>>>

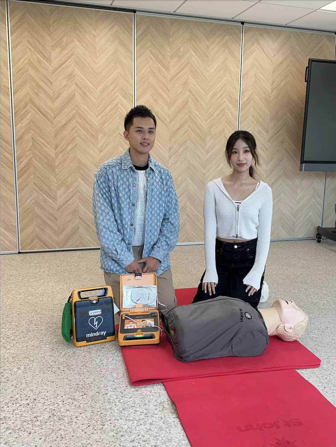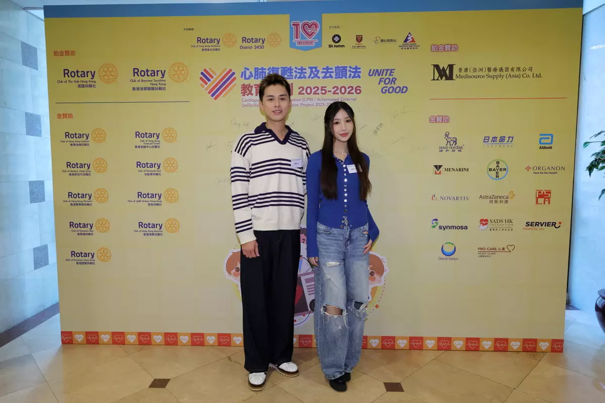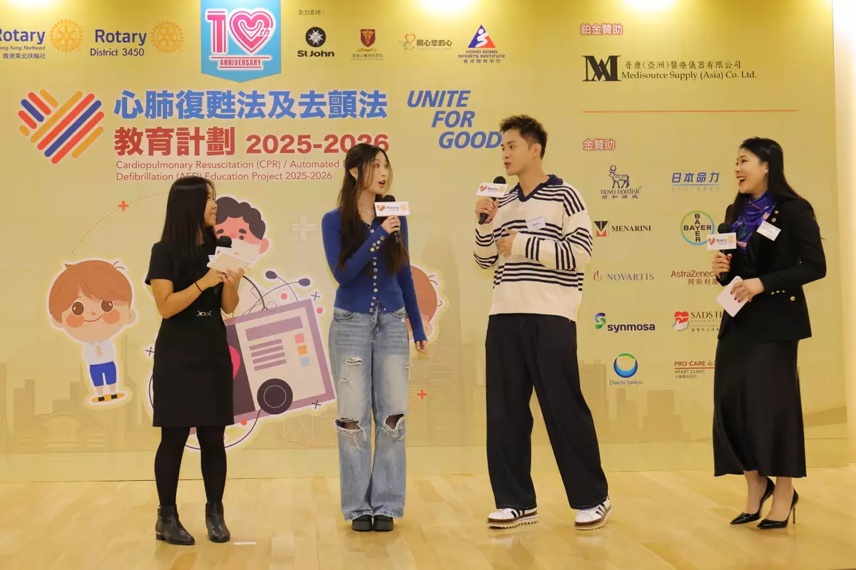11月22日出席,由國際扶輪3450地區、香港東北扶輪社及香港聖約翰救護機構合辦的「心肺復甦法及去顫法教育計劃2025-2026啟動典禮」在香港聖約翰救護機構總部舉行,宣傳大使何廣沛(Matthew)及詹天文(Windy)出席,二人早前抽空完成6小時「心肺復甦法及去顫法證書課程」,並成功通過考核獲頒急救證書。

<<<
>>>

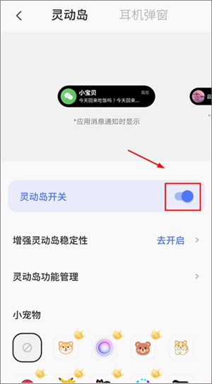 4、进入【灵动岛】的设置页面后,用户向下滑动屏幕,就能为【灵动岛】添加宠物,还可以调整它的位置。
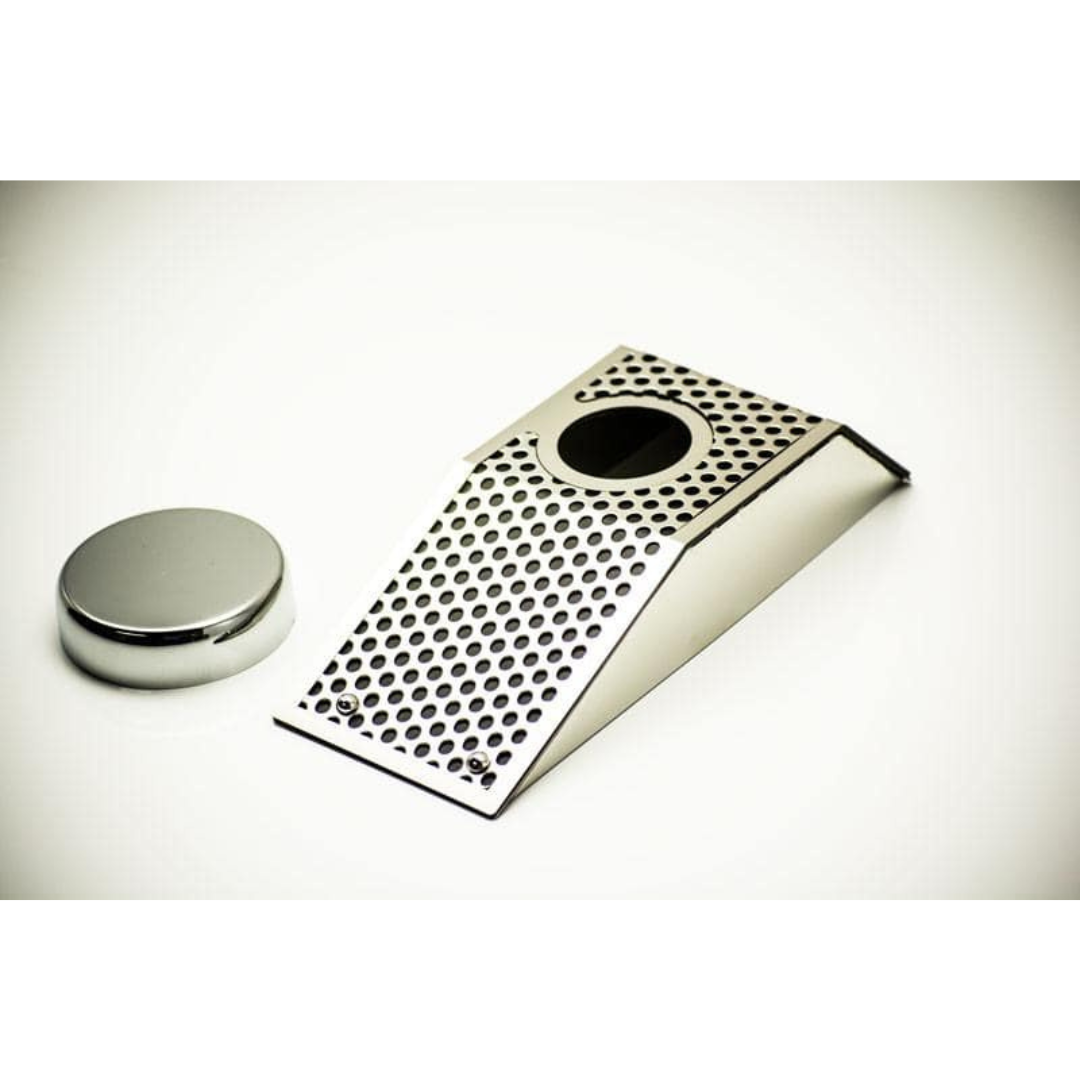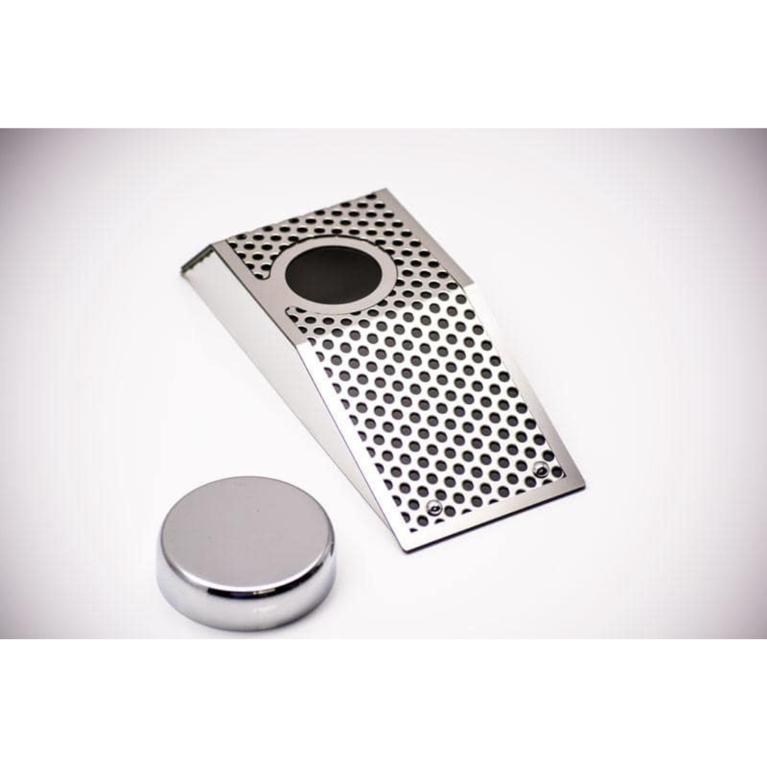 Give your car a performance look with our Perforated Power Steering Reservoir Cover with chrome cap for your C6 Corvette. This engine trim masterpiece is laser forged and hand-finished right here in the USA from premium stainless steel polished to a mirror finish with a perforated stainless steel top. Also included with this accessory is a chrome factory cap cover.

<<<
>>>

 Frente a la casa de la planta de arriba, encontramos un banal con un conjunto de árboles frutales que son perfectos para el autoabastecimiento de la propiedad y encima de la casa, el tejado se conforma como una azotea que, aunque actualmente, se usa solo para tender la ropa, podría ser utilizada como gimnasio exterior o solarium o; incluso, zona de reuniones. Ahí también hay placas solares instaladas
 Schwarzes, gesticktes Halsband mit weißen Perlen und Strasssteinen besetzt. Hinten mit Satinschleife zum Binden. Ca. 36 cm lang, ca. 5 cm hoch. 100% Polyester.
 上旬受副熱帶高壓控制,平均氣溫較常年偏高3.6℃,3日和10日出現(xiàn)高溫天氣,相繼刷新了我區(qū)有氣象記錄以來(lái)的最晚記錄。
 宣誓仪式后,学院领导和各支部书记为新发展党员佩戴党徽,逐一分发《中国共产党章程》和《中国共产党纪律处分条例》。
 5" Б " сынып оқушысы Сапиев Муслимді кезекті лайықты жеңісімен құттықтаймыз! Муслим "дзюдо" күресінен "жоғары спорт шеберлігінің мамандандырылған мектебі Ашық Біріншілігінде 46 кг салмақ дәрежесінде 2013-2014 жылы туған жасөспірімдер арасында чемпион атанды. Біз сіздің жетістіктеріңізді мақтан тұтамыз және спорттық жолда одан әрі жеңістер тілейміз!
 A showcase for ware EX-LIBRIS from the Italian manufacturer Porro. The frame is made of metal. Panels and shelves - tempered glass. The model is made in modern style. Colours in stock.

<<<

* _EXERCISE AIM_
Retype only the lines above between the line with "әрі жеңістер тілейміз!" and the line with "A showcase for", counting those two lines as well, and keep every character as it is.

* _TASK OUTPUT_
 5" Б " сынып оқушысы Сапиев Муслимді кезекті лайықты жеңісімен құттықтаймыз! Муслим "дзюдо" күресінен "жоғары спорт шеберлігінің мамандандырылған мектебі Ашық Біріншілігінде 46 кг салмақ дәрежесінде 2013-2014 жылы туған жасөспірімдер арасында чемпион атанды. Біз сіздің жетістіктеріңізді мақтан тұтамыз және спорттық жолда одан әрі жеңістер тілейміз!
 A showcase for ware EX-LIBRIS from the Italian manufacturer Porro. The frame is made of metal. Panels and shelves - tempered glass. The model is made in modern style. Colours in stock.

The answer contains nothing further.